15. Pride is a free good in your pay-packet. If you engender real pride it lifts everyone’s spirits, the whole team will be richer. Equally misery begets misery, seek out the underminers and challenge them, credibly and with evidence, it becomes self-policing and the poison stops
16. Leave early, leave loudly. If you have said you don’t do presenteeism (and I heartily recommend this approach) be an advocate for it; let your team see you depart and don’t sneek out. Even if it means going home to hit the laptop, a change of location is often productive.
17. Be David Brailsford. Seek out marginal gains and champion them to the point of lunacy. When the team see your investment and see results, however small, they will be empowered to seek them themselves. It becomes a culture and mounts up to real change.

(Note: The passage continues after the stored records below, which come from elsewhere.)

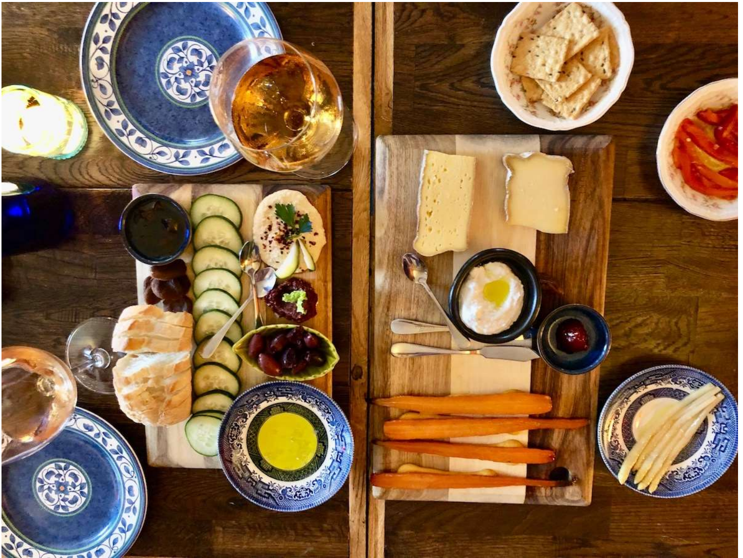
"AS A WINE PROFESSIONAL ... I WAS SURPRISED AND IMPRESSED WITH EVERY WINE I TASTED [AT GRANDIFLORA WINE GARDEN]."

Orapax is a traditional Greek restaurant with a few twists, like Greek eggrolls and Greek pizza. The menu is extensive, the servings are large, the food is good, and really, you can't go wrong here. I ordered the Greek chicken with a salad and pita and ended up with enough for dinner, too. The dining room is a large, casual, open room that can get quite loud. If that's not for you, sit in the bar at one of the high tops. There's also a smaller and quieter dining room at the front of the house. Orapax is open daily for both lunch and dinner.
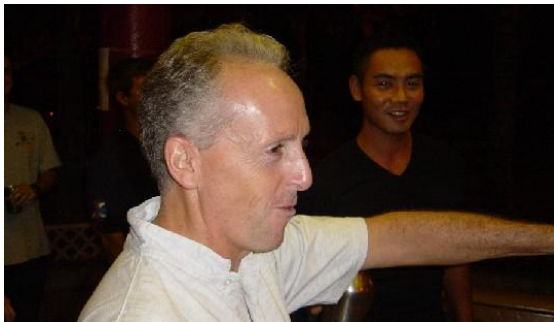
On-In the Hare – SOS
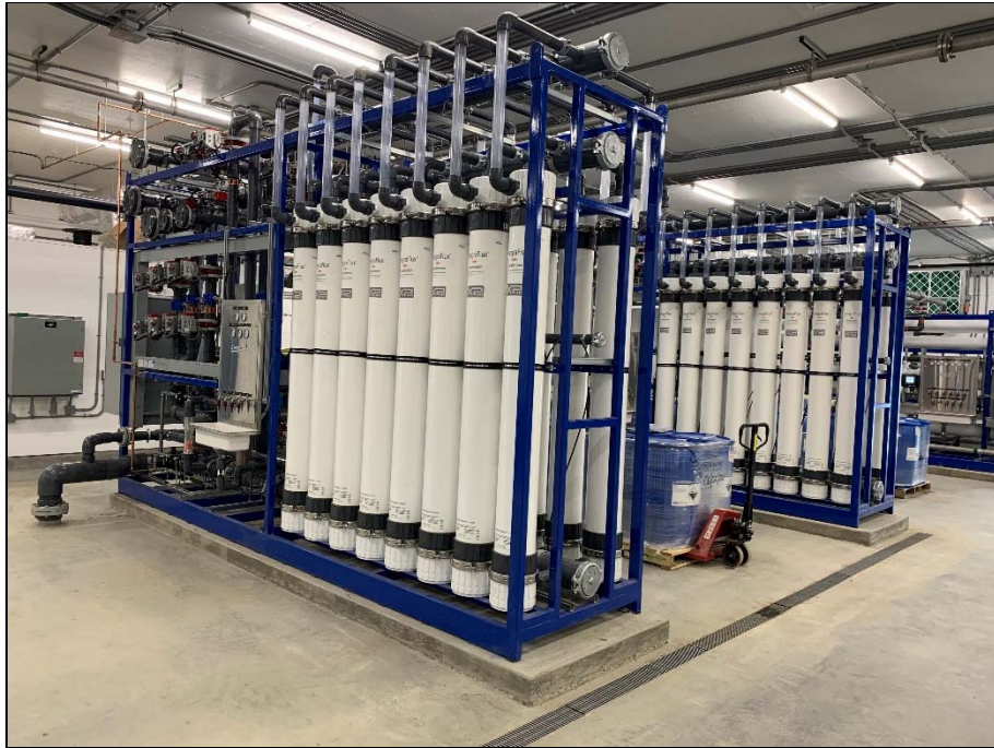
Ultrafiltration systems now operational.
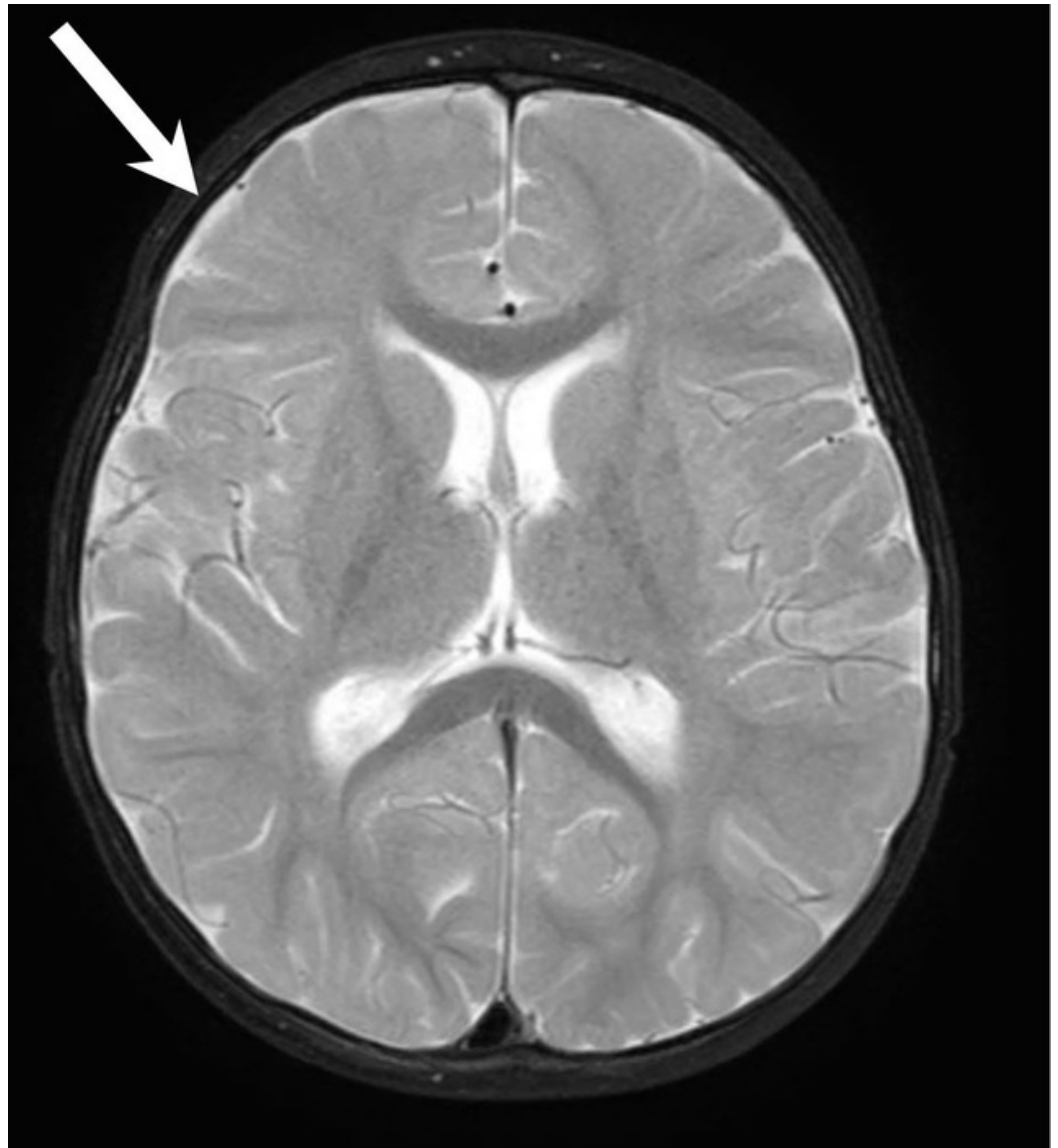
FIGURE 2: Axial, T2-weighted MRI showing resolution of bilateral subdural empyemas (arrow) as compared to the previous figure.
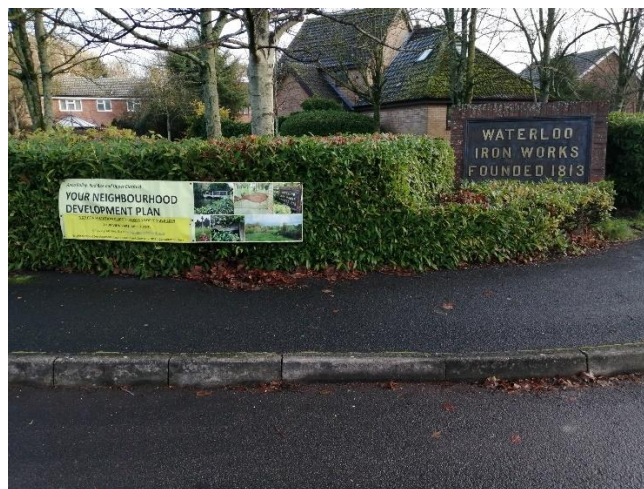
Banner advertising the draft Plan consultation

5.8 Consultation was by email or letter, sent by the Parish Clerk at the start of the consultation period and explaining where the Plan could be viewed and how and by when to make comments.
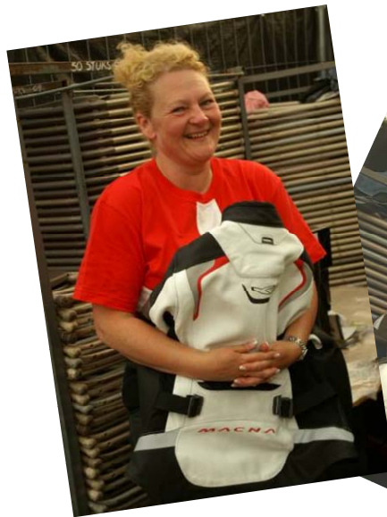
Danish, Saudi and Russian models proudly wearing Macna and SchubertH gear

Fashion show attendees were given catalogs and special pens from Macna.
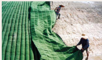
Laying Geotube® Sand Filled Mattress over prepared slope.

The Sand Filled Mattress is delivered in rolls which can be easily transported to site. Laid with parallel tubular sections running down the slope, each are hydraulically filled with sand through the top openings. The sand is introduced through a small hopper and washed down with water pumped from the waterway or impoundment. Adjacent rolls of Sand Filled Mattress are joined by seaming on site. Finally, the Sand Filled Mattress is anchored in a trench at the top of the slope.
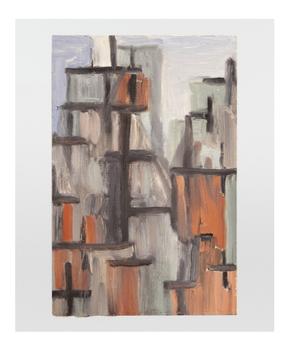
Martha Diamond 16, 1989 Oil on Masonite 9h x 6w in MDi_143
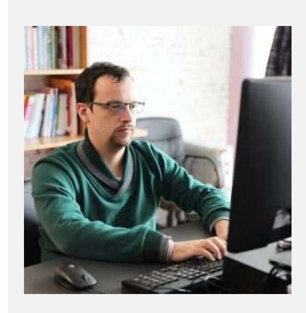
A friendly chat in times of need
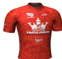
Triple Crown Daily Winner
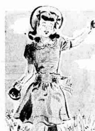
1.19 DRESSES FOR GIRLS-NOW

with colorful jackets! In all rayon or mixtures of wool and rayon. Get sayeral naw . . . and save! Sizes 24-32.
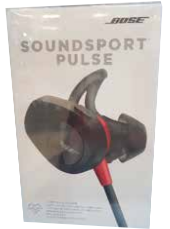
The Bose SoundSport Pulse is available at Joeten Superstore in San Jose.

Sound Disc Wireless allows people bring their favorite music wherever they go. The design is stylish and has excellent sound quality because of its superior HD sound. Cost is only $16.95.
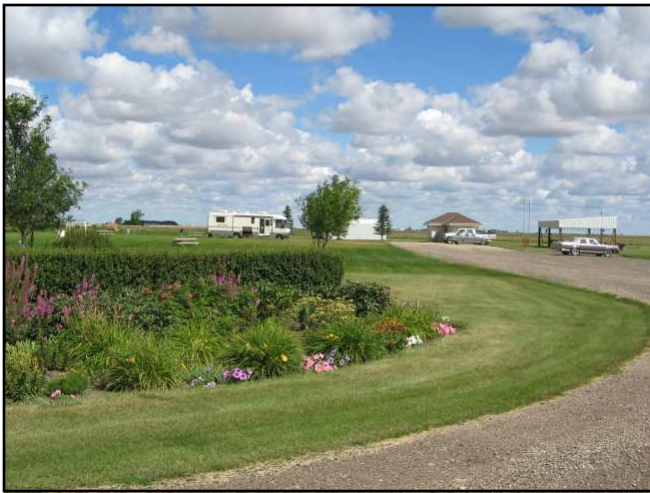
The flowers and grounds at the flying field were beautiful during August.....what a beautiful sky...only in North Dakota!
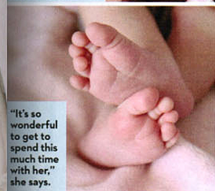
"It's so wonderful to get to spend this much time with her," she says.
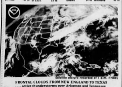
FRONTAL CLOUDS FROM NEW ENGLAND TO TEXAS active thundershowers over Arkansas and Tennessee
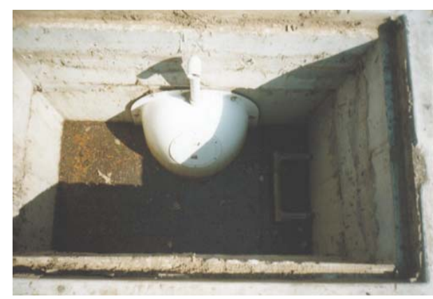
The SNOUT Trapping Floatable Oil and Debris
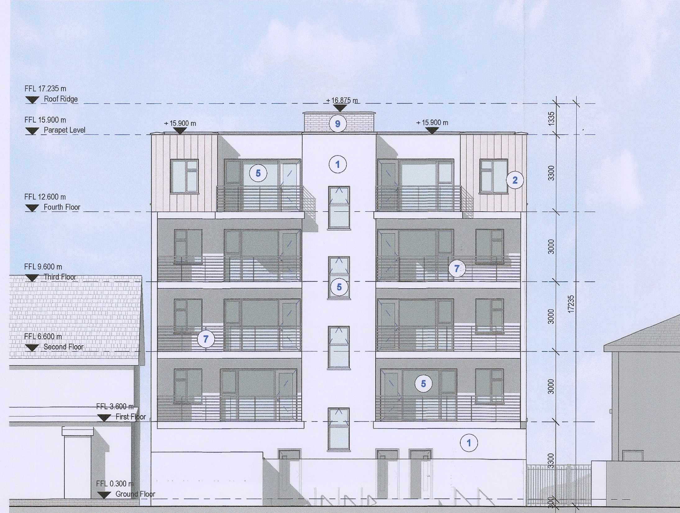
2 PROPOSED REAR ELEVATION (SOUTH FACING) SCALE 1 : 100
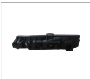
WATER TANK BRACKET 911.BM44103A OE:1710-7524-912
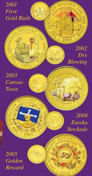
2001 First Gold Rush 2002 Dry Blowing 2003 Canvas Town 2004 Eureka Stockade 2005 Golden Reward
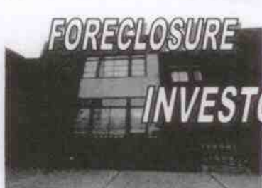
573 S. Front $253,500
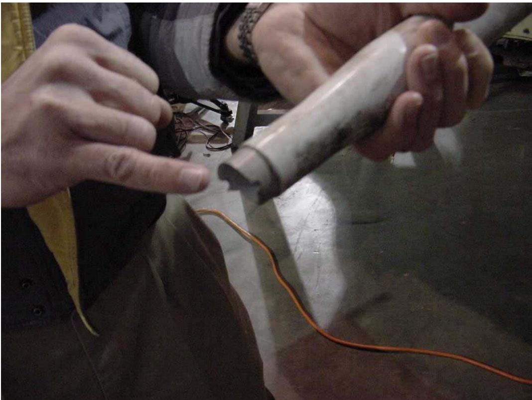
Figure 12. Fractured End of Left Pushrod.
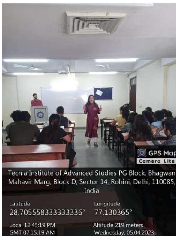
Resource person sharing the feedback

18. You’re in the richest learning environment you’ll probably have. Look to those around you and above you for inspiration. I didn’t do much reading (though a 5hr commute got through some podcasts!) I also didn’t do enough reflection at the time, hence it all coming out now!!
I was very lucky early in my Command to observe a more Senior leader dealing with much of the same pressures/challenges that I was but on a larger scale. They were the epitome of poise and prudence and it had a huge impact on how I commanded. Not naming though.. @bumsnorkler
19. When it comes to discipline, trust your judgement (see 12 too!) if you think you’ve got good people who made an error, treat it as such but be clear and consistent in your message and your penalties. Generally sailors are brilliant but booze makes fools of us all!
20. Be a risk manager not a liability manager. Don’t necessarily STOP doing something with a liability risk if it increases ACTUAL risk later. Be real about what risks YOU own, ie All Of Them! It’s your team and you’ll live the impact of any incident, not the duty/risk holder.
21. Forget LGBT and BAME! What??? If you really want to be inclusive and harness your team’s individual brilliance, be interested in CLJB (Col, Laura, Jess, Bomber) ie individuals. Collecting people into weird boxes that make little sense is for stats only, not for leaders!
22. Reward and Recognition. I really didn’t do enough of this, put all the effort in to get your people recognised for their work. Awards, Garden Party invites, the lot, what I did achieve was really valued by the team. Plus ensure they get the credit always for any and all work.
23. Thank you all for reading my musings; as I started, these reflect my learning journey during Command. I don’t commend these as instructions applicable to all but stuff that I found helpful, I hope they are to some of you. 24 will be final summary.
24. You’re there to Command and Lead. You’ll spend 95% your time managing (prob N1) but setting the direction and HOW you approach challenges is Leading, being the umbrella/talisman for the team/setting behaviours is Leading and Commanding. Enjoy, it’s the best job by far! Out!
25. NEVER forget your own family during your ‘ultimate’ job. 1, It keeps you grounded in the same issues as your team. 2, If it goes wrong you are going to be distracted and useless in Command. 3, There is life post command, make sure it’s there to go back to! 4, You love them!